Mar 20 08:31:20 ox smtpd[21426]: smtp-in: New session b7e7d19e684618c1 from host 200-203-63-23.pltce7002.dsl.brasiltelecom.net.br [200.203.63.23]
Mar 20 08:31:20 ox smtpd[21426]: smtp-in: New session b7e7d1a0f728f5cb from host 200-203-63-23.pltce7002.dsl.brasiltelecom.net.br [200.203.63.23]
Mar 20 08:31:20 ox smtpd[21426]: smtp-in: New session b7e7d1a16406eb83 from host 200-203-63-23.pltce7002.dsl.brasiltelecom.net.br [200.203.63.23]

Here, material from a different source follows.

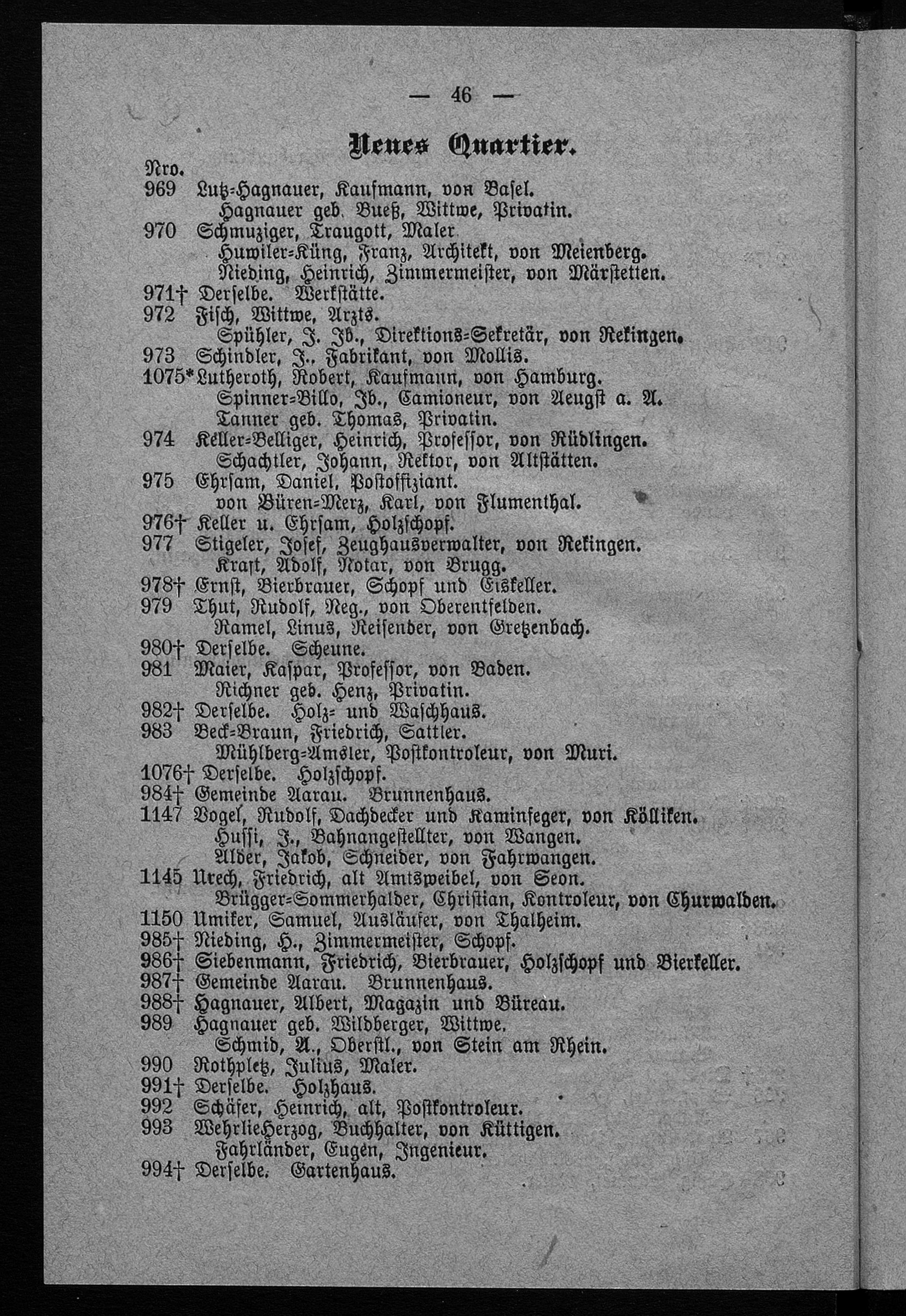 Verzeichniss sämmtlicher Einwohner, Wohn- und Oekonomie-Gebäude der Gemeinde Aarau

Mar 20 08:31:21 ox smtpd[21426]: smtp-in: New session b7e7d1a2260a4afc from host 200-203-63-23.pltce7002.dsl.brasiltelecom.net.br [200.203.63.23]
Mar 20 08:31:21 ox smtpd[21426]: smtp-in: New session b7e7d1a3fec96c7e from host 200-203-63-23.pltce7002.dsl.brasiltelecom.net.br [200.203.63.23]

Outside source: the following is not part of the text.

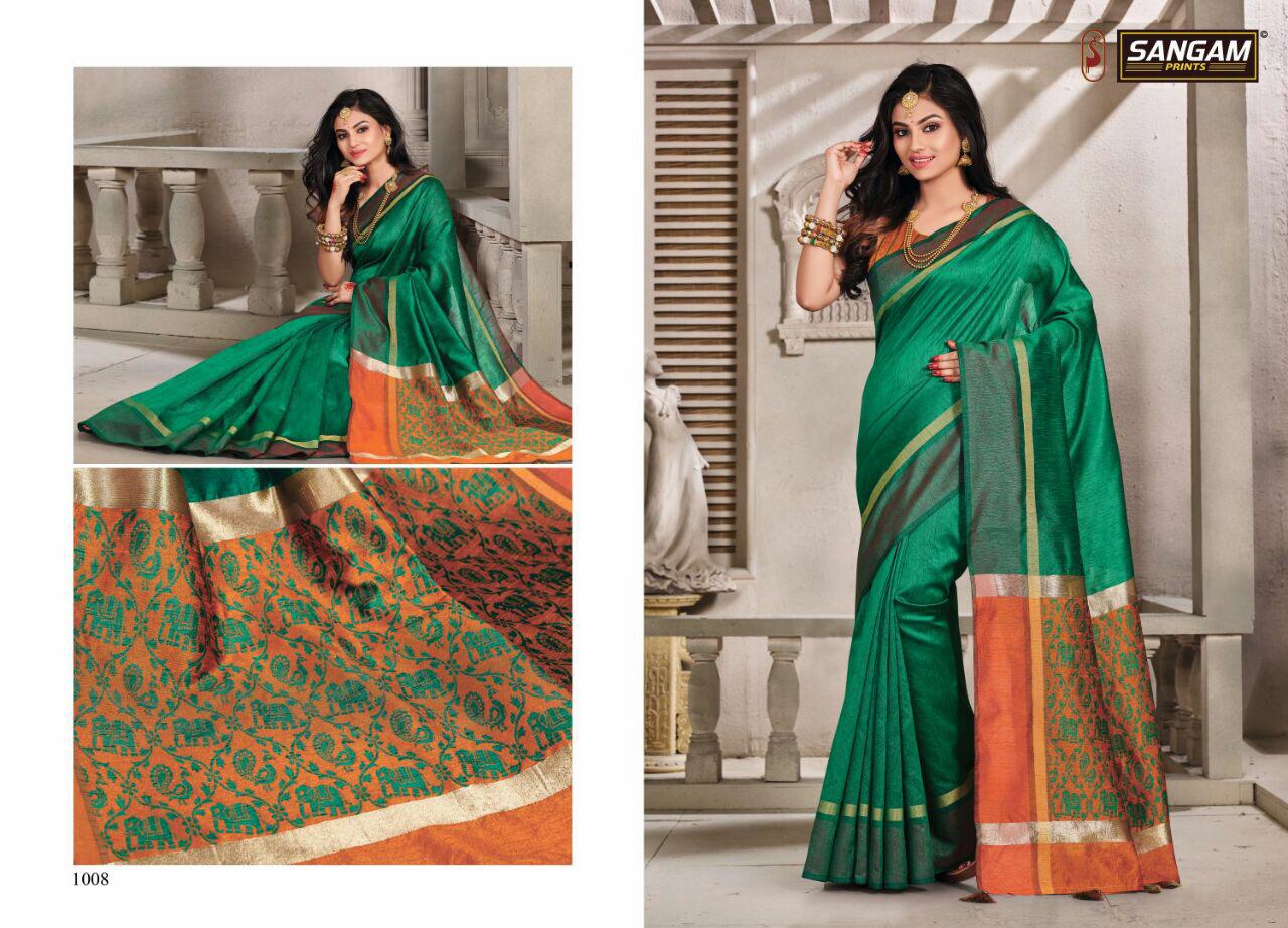 Buy Online Jalpari By Sangam 1001 Series Fancy Weaving Silk Saree Catlog Wholesaler Surat 8 Pcs of Full Catalogue at Wholesale Price. Looking for Jalpari By Sangam 1001 Series Fancy Weaving Silk Saree Catlog Wholesaler Surat Full Catalouge at Best Price? Buy Now Jalpari By Sangam 1001 Series Fancy Weaving Silk Saree Catlog Wholesaler Surat at Wholesale Rate of Rs 7000 with Total 8 Pcs from authroized dealer and supplier of SANGAM Brand. Cost of Each piece is just only Rs 875 which is very low and affordable price to resale the product in your retail store ,This is Surat based Wholesale Supplier & Dealer of SANGAM Brand. Click on Brand name to Know more about SANGAM Brand's products.Call or Whatsapp on 9898838984 for booking or enquiry

Mar 20 08:31:24 ox smtpd[21426]: smtp-in: Failed command on session b7e7d19e684618c1: "AUTH [...]" => 503 5.5.1 Invalid command: Command not supported
Mar 20 08:31:24 ox smtpd[21426]: smtp-in: Failed command on session b7e7d1a0f728f5cb: "AUTH [...]" => 503 5.5.1 Invalid command: Command not supported
Mar 20 08:31:24 ox smtpd[21426]: smtp-in: Failed command on session b7e7d1a16406eb83: "AUTH [...]" => 503 5.5.1 Invalid command: Command not supported
Mar 20 08:31:24 ox smtpd[21426]: smtp-in: Failed command on session b7e7d1a2260a4afc: "AUTH [...]" => 503 5.5.1 Invalid command: Command not supported
Mar 20 08:31:24 ox smtpd[21426]: smtp-in: Failed command on session b7e7d1a3fec96c7e: "AUTH [...]" => 503 5.5.1 Invalid command: Command not supported
Bonus points for parallelizing your code, but come on, dude/dame, check for error codes.
ox:/var/log> zgrep "host 200-203-63-23" maillog* | wc -l
4430
I mean, sure, maybe you’re not too concerned with efficiency when you’ve got a whole botnet at your disposal, but think of the savings that can be had if you only needed to rent half as many zombie hosts. If a host clearly doesn’t support the auth command, move on to the next host, and instead of spamming my log file, you could focus on spamming real people’s inboxes. It’s a win win for you and me.